# Spray finishing novice - advice please



## Aled Dafis (7 Jun 2009)

Hi, I fancy having a go at spray finishing, but don't really have much idea about how to go about it. I'm looking to apply a clear finish to small furniture projects.

I have a small compressor but no spray gun at the moment. Would a small touch up gun work for small jobs? I'm thinking of getting something like this.

http://www.axminster.co.uk/product.asp? ... =1&jump=44

Before anybody suggests, I can't stretch anywhere close to buying DeVilblis kit.

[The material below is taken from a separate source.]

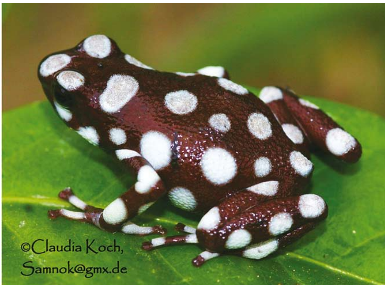
Ryc. 6. Dendrobates mysteriosus . Fot. Claudia Koch.

Ubarwienie mające na celu zwrócenie uwagi ma zwykle znaczenie ostrzegawcze lub godowe. Pierwsze – ostrzegawcze (aposematyczne) ma ostrzegać drapieżniki o trujących właściwościach osobnika, który odróżnia się od środowiska w jaskrawy, kontrastowy sposób. Najlepiej poznaną rodziną toksycznych płazów są drzewołazy, występujące w większości w wilgotnych lasach Ameryki Południowej. Dendrobates auratus (Ryc. 5) czy Dendrobates mysteriosus (Ryc. 6) nie ukrywają się przed drapieżnikami. Ich wrogowie łatwo zapamiętują, że są dla nich niejadalne. Wkrótce po schwytaniu płaza, zawarte w jego skórze alkaloidy powodują podrażnienie, co skutkuje zazwyczaj jego uwolnieniem. Intensywnie żółte zabarwienie ciała płaza beznogiego Schistometopum thomense (Ryc. 7) z afrykańskiej wyspy Sao Tome, wydaje się także pełnić rolę odstraszącą. Jednakże

Also I need some info on what finishing product to use. From what I've read, the new waterbourne laquers perform well, and do away with all the fuss of thinning and cleaning with solvents. Can anybody point me towards a specific product and where to get hold of it.

Cheers

Aled


----------



## Fergus (7 Jun 2009)

I have the original Badger model of that gun -bought it years ago before all these smart repair guns came in. Firstly the trigger is very odd to use ,so in my opinion you would be better off getting a gun of more conventional design. At least that way any technique you build up can be used on other guns easily.

Peronally I would also go for a gravity fed gun ,as gravity helps force the product to the needle rather than suction. Also I see you mention waterbased,well most waterbased coatings are very viscous relative to solvent based coatins,so I would bear that in mind .

Having said that I have bought quite a few cheapie touch up guns on ebay ,so that when they are a bit knakcered I can throw them ..cheaper than spares..I save my decent guns then for the better jobs etc.

random ebay gun

^^ thats the sort of guns I have bought for doing little bits with and on the whole they are pretty good for the money-just dont expect Iwata/sata/Devilbis etc quality - as always you get what you pay for! 

Hope that helps a bit


----------



## Woodfinish Man (8 Jun 2009)

Morning Aled,

There are a number of lacquer manufacturers throughout the UK including Becker, Sonneborn & Rieck and Morrells. The one we recommend is produced by ISF and is a cracking sprayable finish called Aquabuild. You can source it through the following link

https://vault2.secured-url.com/frenchpo ... quers.html

I really hope this helps.

Ian McAslan


----------



## Aled Dafis (8 Jun 2009)

Thanks Ian, that looks to be just what I'm looking for.

I'll file the info for when I need to go about spray finishing, which may well be on my next project - an oak sideboard.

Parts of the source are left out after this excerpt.